The compound is divided into two peaceful queues of varying lengths. The shorter queue veers towards the right, where the two ‘express’ taps are—a maximum of 15 litres per person per fill and allowance for those with single bottles to get ahead. The longer queue is far longer, headed towards their destination of six taps allowing a fill of 25 litres. I take my place at the back of the longer queue, behind Shazia, whose children Farhaan and Roshaan are playing a long game of hide-and-seek around her burkha.
A housewife, Shazia lives in the suburb of Epping, a half hour drive from here. She says she makes the to-and-fro trip twice a day. “Big family, I live with my husband and his parents. Water runs out quite quickly,” Shazia says, holding one of her five jerrycans against her face to shield her from the harsh Cape Town sun. After she fills her quota of 25 litres, she will place the full jerrycans in the boot of her car and queue up at the back of the line with five more empty containers. “That’s the most the Subaru can carry without breaking down,” she says. Why doesn’t anybody else from the family queue up with her, I ask. She shrugs. “Rahman’s parents are old. And Rahman works 9 to 5 at Cape Town Railway Station.” He puts bread on the table. She replenishes the water.

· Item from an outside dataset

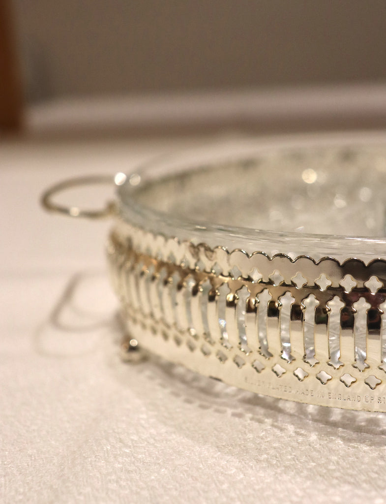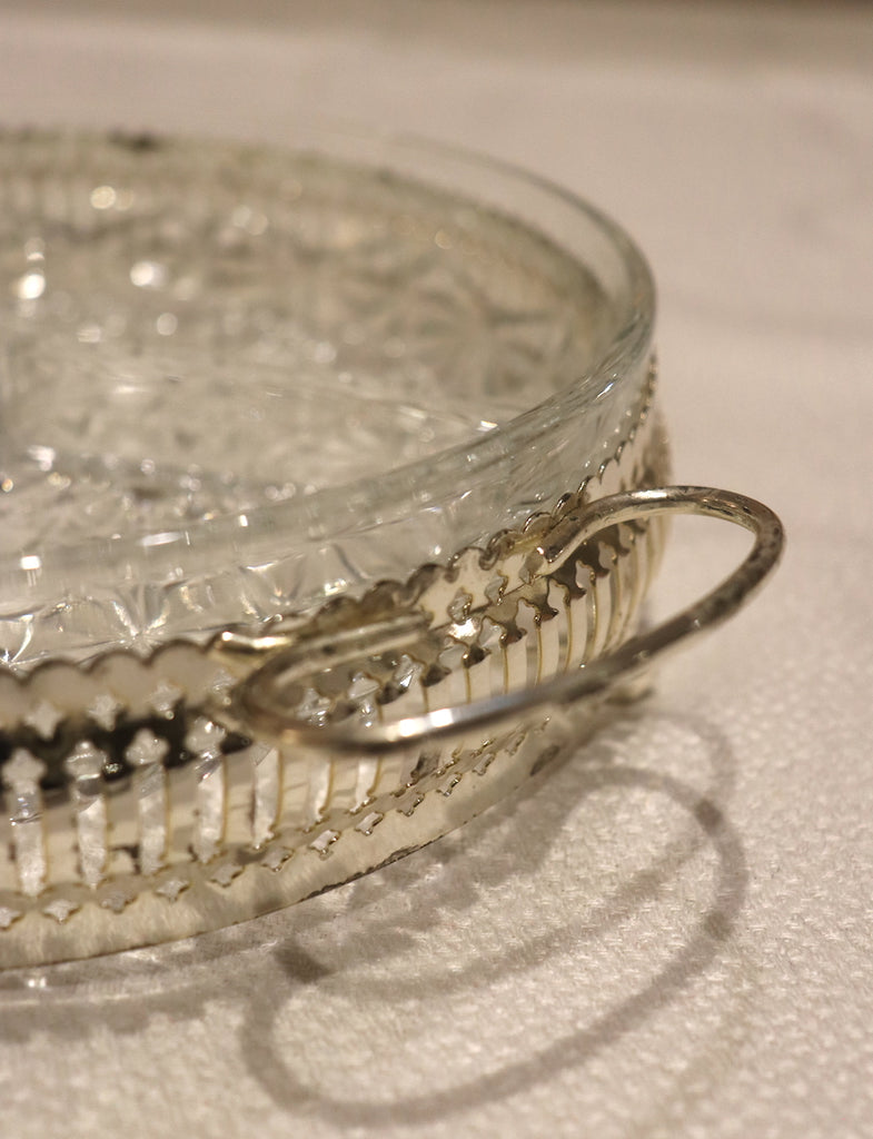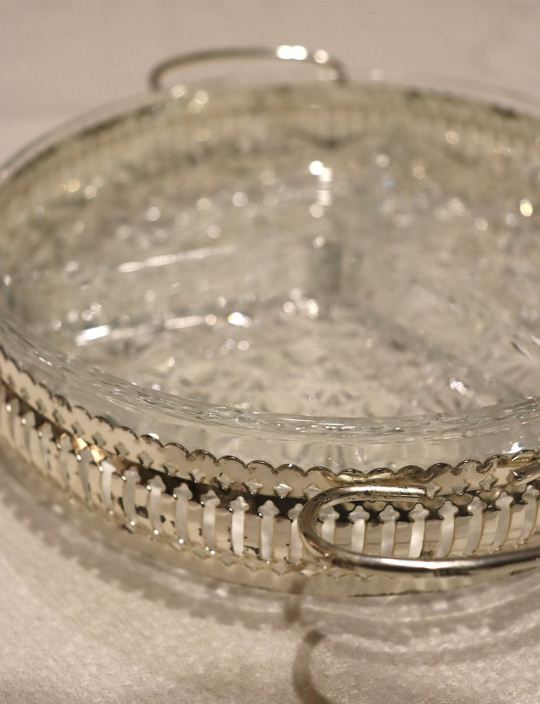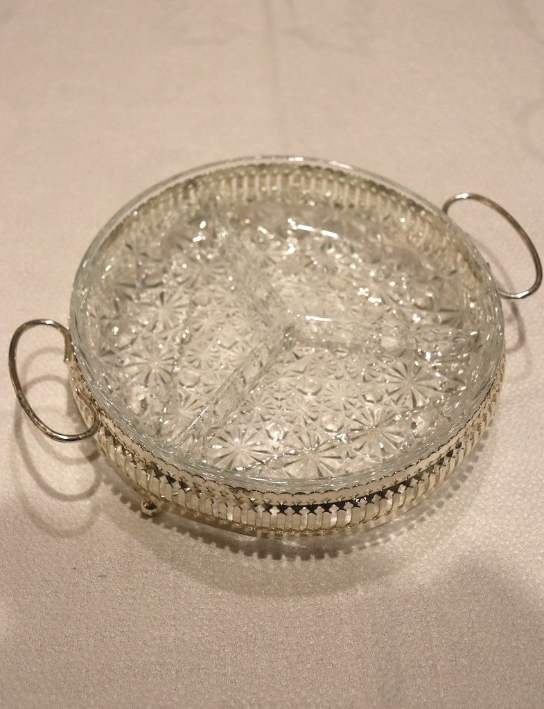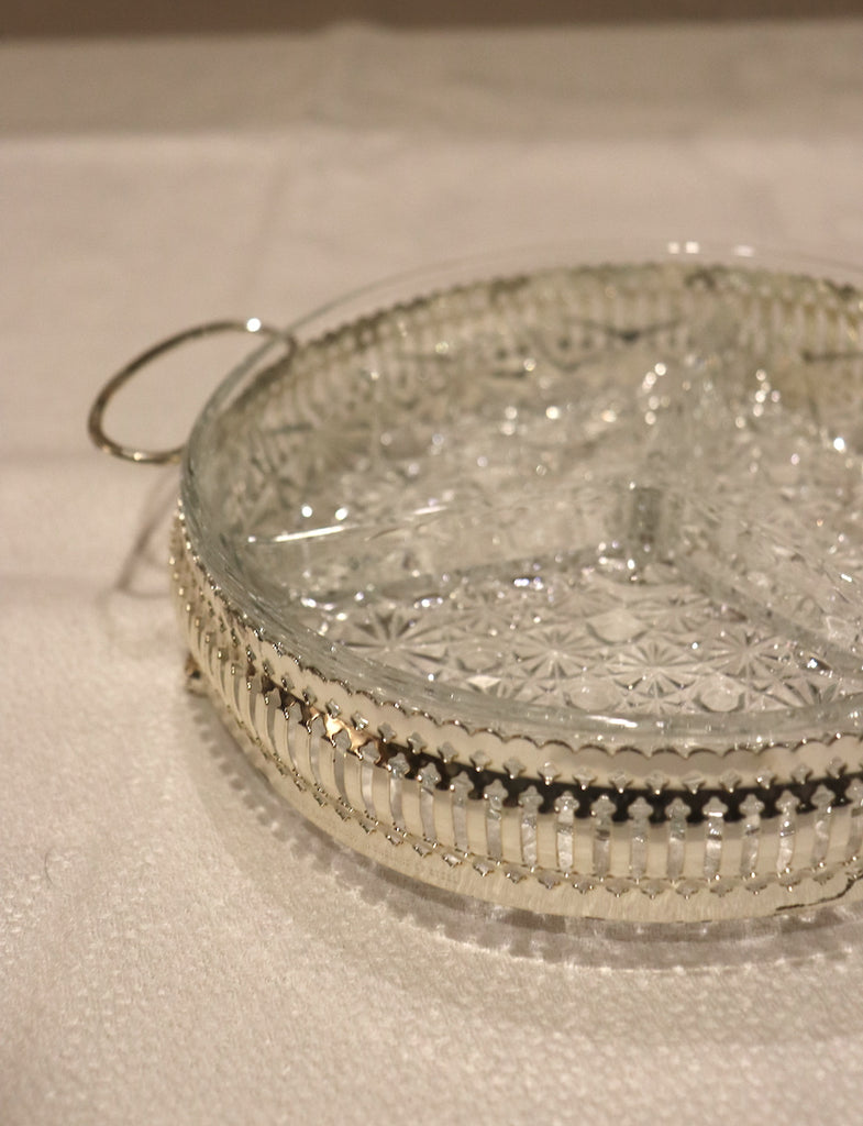 Cette belle coupe à compartiments est dotée d'un support argenté pour le service, par exemple en apéritif. Trois compartiments pour tous les goûts. Les lignes sont élégantes et le métal joliment argenté.

Half-way to the taps and under an alien palm tree, we take refuge from the sun. Soon, we are at the front of the line and the security guard, standing on a slab of stone, ushers Shazia and her children towards the spring for their turn. Just as I am about to turn around and leave, the guard calls for my attention with his index finger. “What are you doing here without any bottles?” he asks, towering over me from his vantage point. “Just here to watch,” I say. The answer leaves the guard in a bout of coughs and full body giggles. “Just watchin’, eh. I also just watchin’. All day just watchin’ watchin’ watchin’. You want my job, eh? Come, join me then. We watch together.”
His name is Robert. And from his platform we keep a close eye on Cape Town’s most precious commodity—blue gold. “All day everyday I see people come and go. People of every race, every colour, lining up here in harmony, waiting for their turn,” he says. I ask him if tensions ever rise and if he finds himself breaking up fights. Robert shakes his head. “No, man,” he says. “Look around. There are Whites and Blacks and Browns and Coloured here. But the only colour that matters to all of them has no colour at all.”